1928 novel by Margery Latimer

We Are Incredible is Margery Latimer's first novel, published in 1928. It tells the story of a small-town woman, Hester Linden, and her cult-like influence on a small band of followers, leaving them virtually lifeless. The novel was partly based on the sometimes manipulative influence that Zona Gale had on Latimer. Linden's physical appearance is closely modelled on Gale's.

Latimer died a few years after the novel was published, and her works essentially disappeared. She was rediscovered in the 1980s, and her works have received some critical attention, however, the novel has not been republished.

==Plot summary==

The novel consists of three parts, each named after a character. The first two parts are from the viewpoint of a follower of Linden, who remains in the background. In the third part, Linden becomes central.

===Stephen Mitchell===

Mitchell is a boarder at the Fry house, consisting of Rex and Myrtle, their young children, Gloria and Deva, and Myrtle's unmarried sister, Dora Weck, who has been something of a financial burden on the Frys since the death of Mrs.

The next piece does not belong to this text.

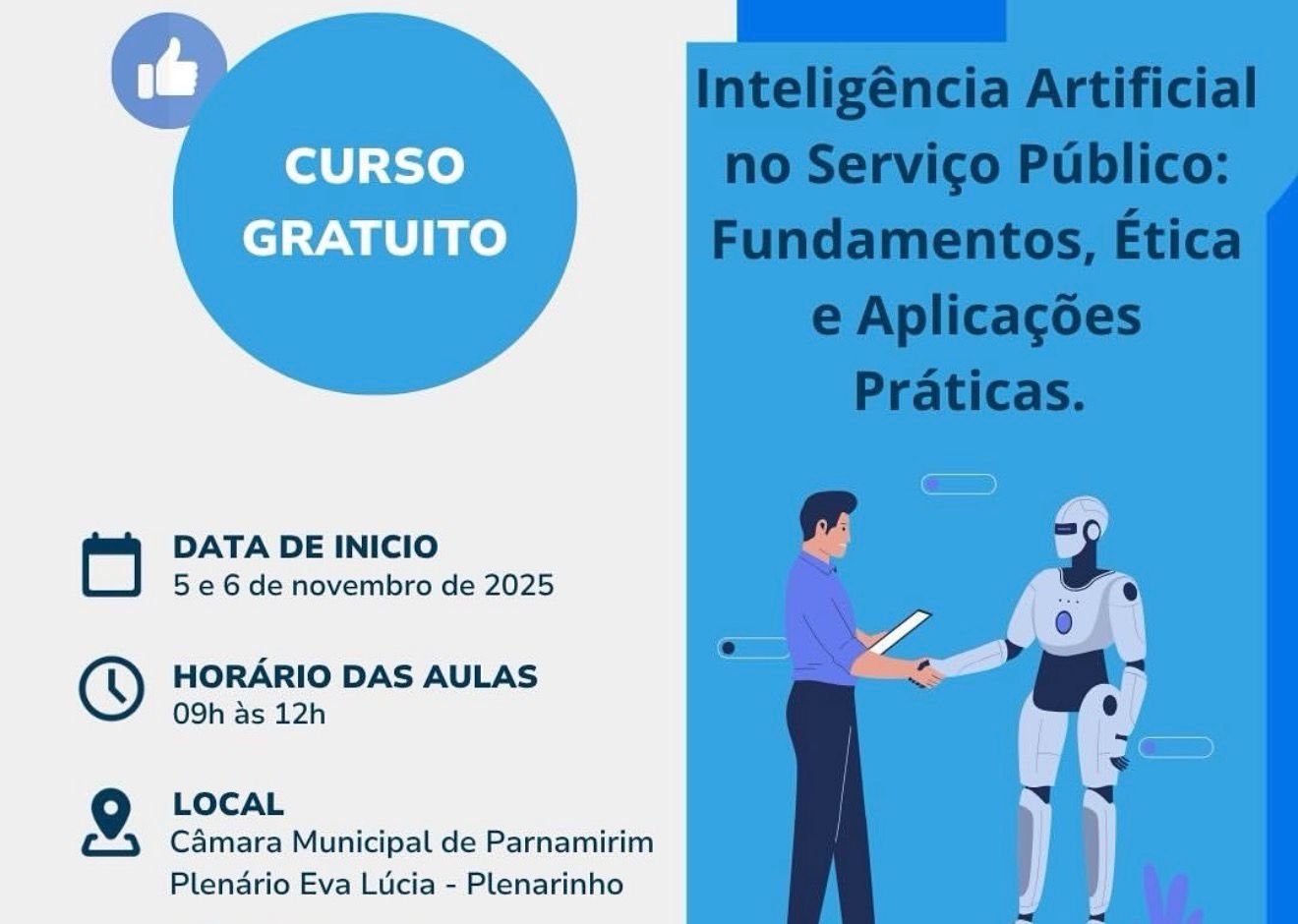 O uso da inteligência artificial (IA) na administração pública será tema de um curso promovido pela Escola do Legislativo Professora Eva Lúcia, nesta quarta e quinta-feira (5 e 6), às 9h, no Plenarinho da Câmara Municipal de Parnamirim. A capacitação vai abordar os fundamentos, a ética e as aplicações práticas da IA, com o objetivo de preparar os servidores públicos para os desafios da era tecnológica e para o uso consciente dessas ferramentas no cotidiano do trabalho. Ao todo, 35 pessoas se inscreveram para participar do curso, que foi organizado em resposta à crescente presença da tecnologia na gestão pública. Segundo a coordenadora da Escola do Legislativo, Josilane Marques, a iniciativa busca otimizar os serviços oferecidos à população parnamirinense e incentivar a inovação no serviço público. Durante as aulas, os participantes conhecerão ferramentas digitais voltadas à automação de tarefas, com foco no aumento da produtividade e na utilização responsável da inteligência artificial no ambiente de trabalho. CÂMARA MUNICIPAL DE PARNAMIRIM
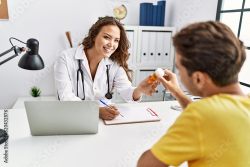 Man and woman having doctor visit prescribing pills at clinic

Weck. Mitchell barely eats, and stays out late, to Myrtle's annoyance. In general, Myrtle finds fault with everything, and the others try to ignore her.

Mitchell is a former follower of Linden (from ten years previously), and Weck is a current follower.

Weck has just gotten engaged to Joe Teeter, who has been sweet on her since high school. Myrtle approves, since he works at his family's creamery and does well. A celebration of sorts follows, with Weck uninterested at first.

Mitchell, Weck, and Mark Johns, another former follower of Linden, pay a visit to Amy Hemingway, also a former follower who has returned from living in Paris. Mitchell and Weck head back to the Frys' along a route that will pass by Linden's house. When Weck questions the choice of route, Mitchell finds himself succumbing to thoughts of Linden, and he lies down in the wet grass.

===Dora Weck===

Weck sleeps in, and meditates on how she actually desires Mitchell, not Teeter. Teeter comes over, but Weck says she's busy. Mitchell tries to convince Weck to give up on Linden. Myrtle is encouraging Weck to set a date for her wedding.

Weck and Mitchell go on a picnic together. A kiss is broken up by mosquitoes, flies, and gnats. They flee. Weck tells Mitchell that she loves him. He says there is no such thing.

While babysitting the Fry children together, Mitchell tells Weck his only interest in her is to liberate her from Linden. Myrtle comes home early, highly upset because she has all but proven that Rex is having an affair with his stenographer. Rex sleeps downstairs that night.

That evening, Teeter and Weck are together. Teeter has made arrangements to have a house ready for the two, but he alternates between worshipping Weck and wondering whether she really has any interest in him at all. Upon returning home, Weck tries to sleep, but can't, and hears the arguments when Rex comes home.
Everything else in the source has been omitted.